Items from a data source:

== == ==

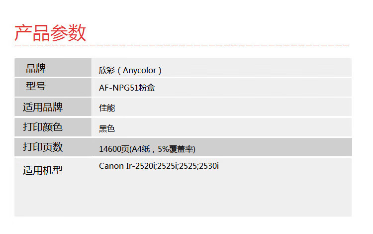 > 办公耗材 复印纸 硒鼓 > 打印耗材 > 硒鼓 > 欣彩(Anycolor) NPG-51粉盒 专业版 AF-NPG51墨粉筒 适用佳能 Canon Ir-2520i 2525i 2525 2530i 复印机| 产品名称 : | 欣彩(Anycolor) NPG-51粉盒 专业版 AF-NPG51墨粉筒 适用佳能 Canon Ir-2520i 2525i 2525 2530i 复印机 |
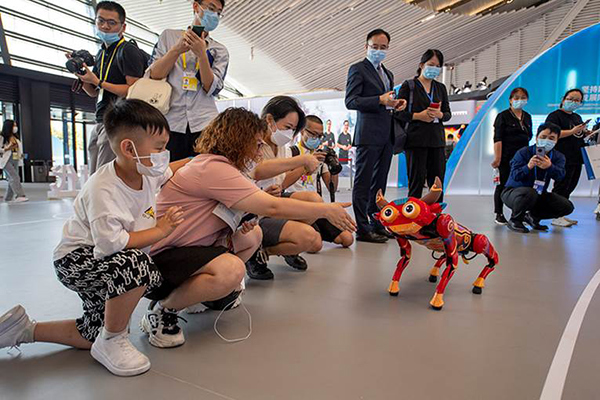 9月26日,在“互聯(lián)網(wǎng)之光”博覽會上,憨態(tài)可掬的機(jī)器牛吸引著許多參觀者的目光。人民網(wǎng)記者 翁奇羽攝
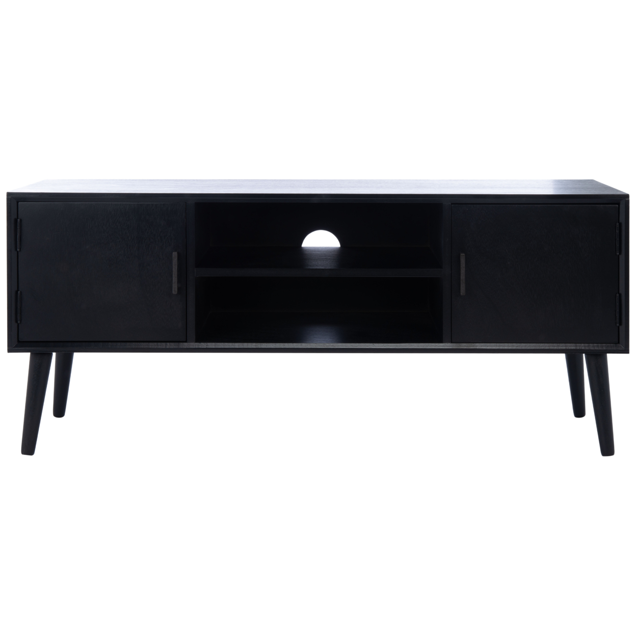 SAFAVIEH Sorrel Mid Century 2 Door 1 Shelf Media Stand, Black (47.3 in. W x 15.8 in. D x 20 in. H)
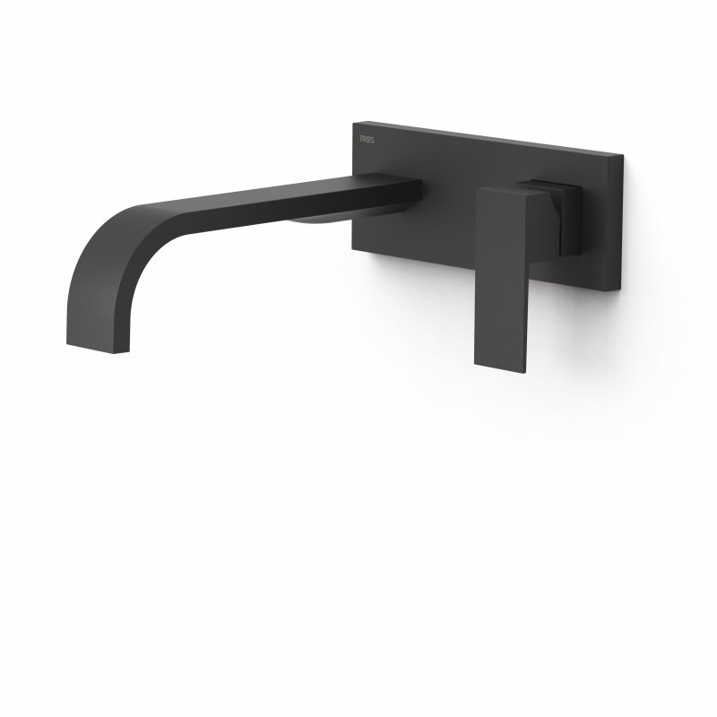 1) Змішувач для раковини Tres Cuadro Exclusive настінний одноважільний чорний матовий
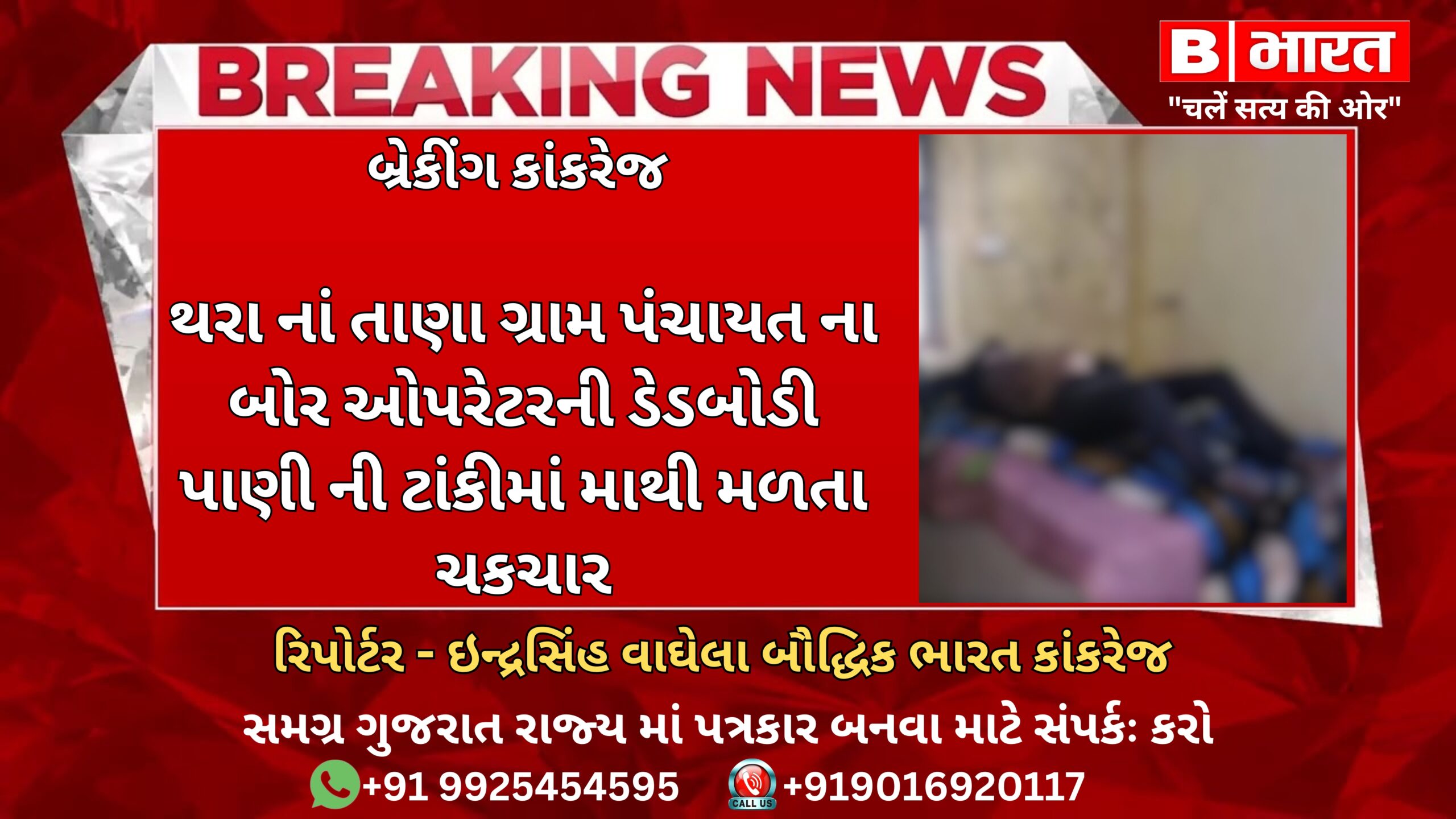 કાંકરેજ તાલુકાના વેપારી મથક થરા નાં તાણા ગ્રામ પંચાયત ના બોર ઓપરેટરની ડેડબોડી પાણી ની ટાંકીમાં માથી મળતા ચકચાર

== == ==

__Try it__:
Your copy should hold each line above exactly and no pictures at all.

__Completed exercise__:
 > 办公耗材 复印纸 硒鼓 > 打印耗材 > 硒鼓 > 欣彩(Anycolor) NPG-51粉盒 专业版 AF-NPG51墨粉筒 适用佳能 Canon Ir-2520i 2525i 2525 2530i 复印机| 产品名称 : | 欣彩(Anycolor) NPG-51粉盒 专业版 AF-NPG51墨粉筒 适用佳能 Canon Ir-2520i 2525i 2525 2530i 复印机 |
 9月26日,在“互聯(lián)網(wǎng)之光”博覽會上,憨態(tài)可掬的機(jī)器牛吸引著許多參觀者的目光。人民網(wǎng)記者 翁奇羽攝
 SAFAVIEH Sorrel Mid Century 2 Door 1 Shelf Media Stand, Black (47.3 in. W x 15.8 in. D x 20 in. H)
 1) Змішувач для раковини Tres Cuadro Exclusive настінний одноважільний чорний матовий
 કાંકરેજ તાલુકાના વેપારી મથક થરા નાં તાણા ગ્રામ પંચાયત ના બોર ઓપરેટરની ડેડબોડી પાણી ની ટાંકીમાં માથી મળતા ચકચાર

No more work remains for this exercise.